Are there any existing JIRA tickets which cover this behavior? And do you
have any recommendations for avoiding it, other than forsaking controlled
shutdowns entirely?

Thanks,
Solon

Error example:
[2014-11-06 17:10:21,459] ERROR [ReplicaFetcherThread-0-1978259225], Error
in fetch Name: FetchRequest; Version: 0; CorrelationId: 3500; ClientId:
ReplicaFetcherThread-0-1978259225; ReplicaId: 1359390395; MaxWait: 500 ms;
MinBytes: 1 bytes; RequestInfo: [my-topic,42] ->
PartitionFetchInfo(503,10485760),[my-topic,63] ->
PartitionFetchInfo(386,10485760),[my-topic,99] ->
PartitionFetchInfo(525,10485760),[my-topic,84] ->
PartitionFetchInfo(436,10485760),[my-topic,48] ->
PartitionFetchInfo(484,10485760),[my-topic,75] ->
PartitionFetchInfo(506,10485760),[my-topic,45] ->
PartitionFetchInfo(473,10485760),[my-topic,66] ->
PartitionFetchInfo(532,10485760),[my-topic,30] ->
PartitionFetchInfo(435,10485760),[my-topic,96] ->
PartitionFetchInfo(517,10485760),[my-topic,27] ->
PartitionFetchInfo(470,10485760),[my-topic,36] ->
PartitionFetchInfo(472,10485760),[my-topic,9] ->
PartitionFetchInfo(514,10485760),[my-topic,33] ->
PartitionFetchInfo(582,10485760),[my-topic,69] ->
PartitionFetchInfo(504,10485760),[my-topic,57] ->
PartitionFetchInfo(444,10485760),[my-topic,78] ->
PartitionFetchInfo(559,10485760),[my-topic,12] ->
PartitionFetchInfo(417,10485760),[my-topic,90] ->
PartitionFetchInfo(429,10485760),[my-topic,18] ->
PartitionFetchInfo(497,10485760),[my-topic,0] ->
PartitionFetchInfo(402,10485760),[my-topic,6] ->
PartitionFetchInfo(527,10485760),[my-topic,54] ->
PartitionFetchInfo(524,10485760),[my-topic,15] ->
PartitionFetchInfo(448,10485760),[console,0] ->
PartitionFetchInfo(4,10485760) (kafka.server.ReplicaFetcherThread)

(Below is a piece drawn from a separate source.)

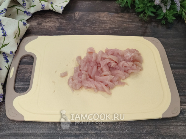 В последнюю очередь добавьте кусочки курицы и чеснок, обжарьте до изменения цвета мяса.

java.net.ConnectException: Connection refused
        at sun.nio.ch.Net.connect0(Native Method)
        at sun.nio.ch.Net.connect(Net.java:465)
        at sun.nio.ch.Net.connect(Net.java:457)

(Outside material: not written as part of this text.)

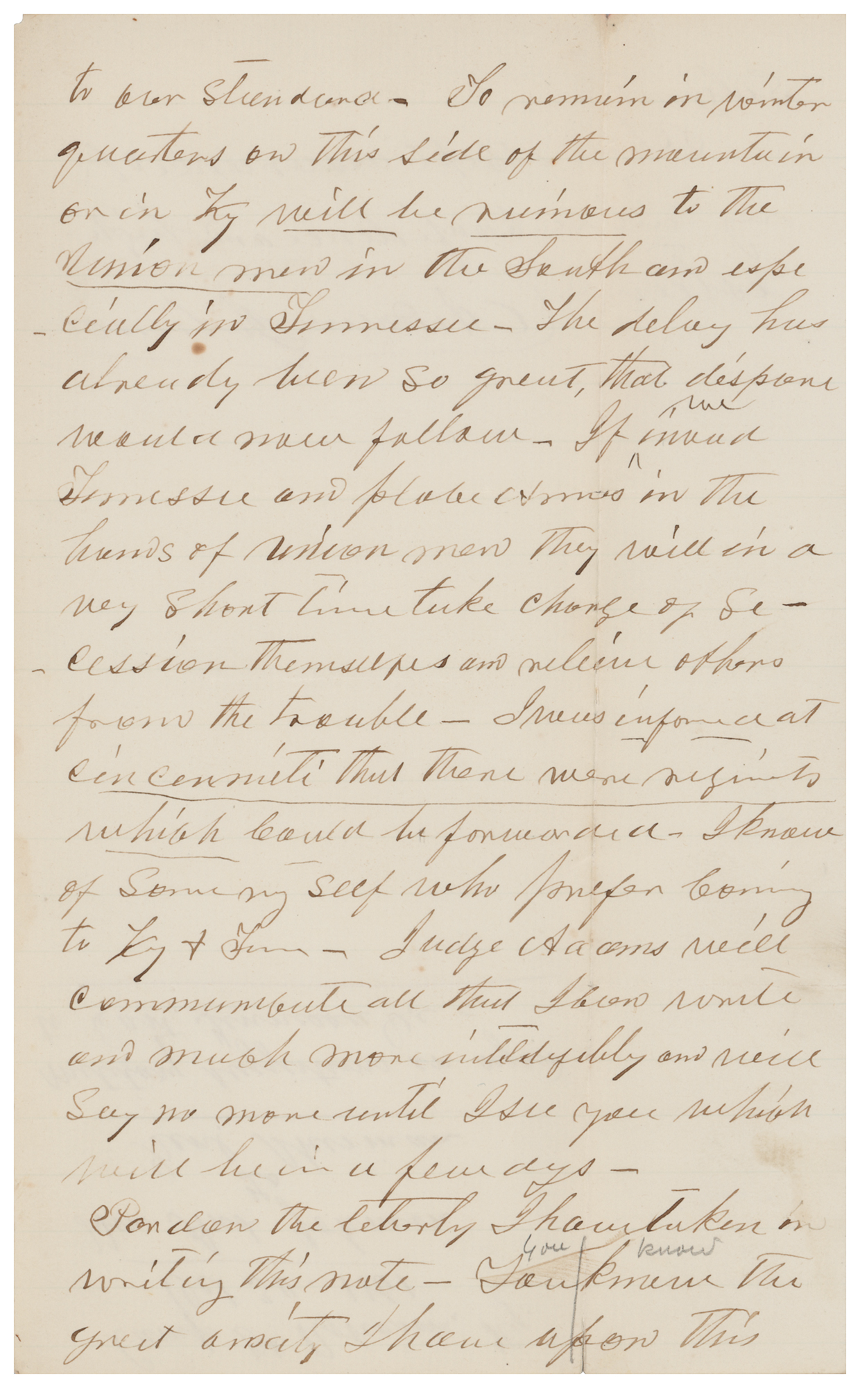 To remain in winter quarters on this side of the mountain or in Ky. will be ruinous to the Union men in the South and especially in Tennessee. The delay has already been so great that [despair?] would now follow. If we invade Tennessee and place Arms in the hands of Union men they will in a very short time take charge of Secession themselves and relieve others from the trouble. I was informed at Cincinnati that there were regiments which could be forwarded. I know of some myself who prefer coming to Ky. & Tenn. Judge Adams will communicate all that I can write and much more intelligibly and will say no more until I see you which will be in a few days." In very good to fine condition, with old tape repairs fold separations.

        at sun.nio.ch.SocketChannelImpl.connect(SocketChannelImpl.java:670)
        at kafka.network.BlockingChannel.connect(BlockingChannel.scala:57)

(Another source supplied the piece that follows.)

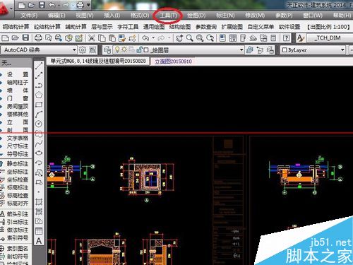 2、找到CAD菜單欄的左上角的“工具”,點擊“工具”

        at kafka.consumer.SimpleConsumer.connect(SimpleConsumer.scala:44)
        at kafka.consumer.SimpleConsumer.reconnect(SimpleConsumer.scala:57)
        at
kafka.consumer.SimpleConsumer.liftedTree1$1(SimpleConsumer.scala:79)
        at
kafka.consumer.SimpleConsumer.kafka$consumer$SimpleConsumer$$sendRequest(SimpleConsumer.scala:71)
        at
kafka.consumer.SimpleConsumer$$anonfun$fetch$1$$anonfun$apply$mcV$sp$1.apply$mcV$sp(SimpleConsumer.scala:109)
        at
kafka.consumer.SimpleConsumer$$anonfun$fetch$1$$anonfun$apply$mcV$sp$1.apply(SimpleConsumer.scala:109)
        at
kafka.consumer.SimpleConsumer$$anonfun$fetch$1$$anonfun$apply$mcV$sp$1.apply(SimpleConsumer.scala:109)
        at kafka.metrics.KafkaTimer.time(KafkaTimer.scala:33)
        at
kafka.consumer.SimpleConsumer$$anonfun$fetch$1.apply$mcV$sp(SimpleConsumer.scala:108)
        at
kafka.consumer.SimpleConsumer$$anonfun$fetch$1.apply(SimpleConsumer.scala:108)
        at
kafka.consumer.SimpleConsumer$$anonfun$fetch$1.apply(SimpleConsumer.scala:108)
        at kafka.metrics.KafkaTimer.time(KafkaTimer.scala:33)
        at kafka.consumer.SimpleConsumer.fetch(SimpleConsumer.scala:107)
        at
kafka.server.AbstractFetcherThread.processFetchRequest(AbstractFetcherThread.scala:96)
        at
kafka.server.AbstractFetcherThread.doWork(AbstractFetcherThread.scala:88)
        at kafka.utils.ShutdownableThread.run(ShutdownableThread.scala:51)
[2014-11-06 17:10:21,462] WARN Reconnect due to socket error: null
(kafka.consumer.SimpleConsumer)

We also see these errors repeatedly in the controller log:
[2014-11-06 21:37:50,945] ERROR
[Controller-1359390395-to-broker-1978259225-send-thread], Controller
1359390395 epoch 6 failed to send StopReplica request with correlation id
118 to broker id:1978259225,host:ip-10-164-59-90.ec2.internal,port:9092.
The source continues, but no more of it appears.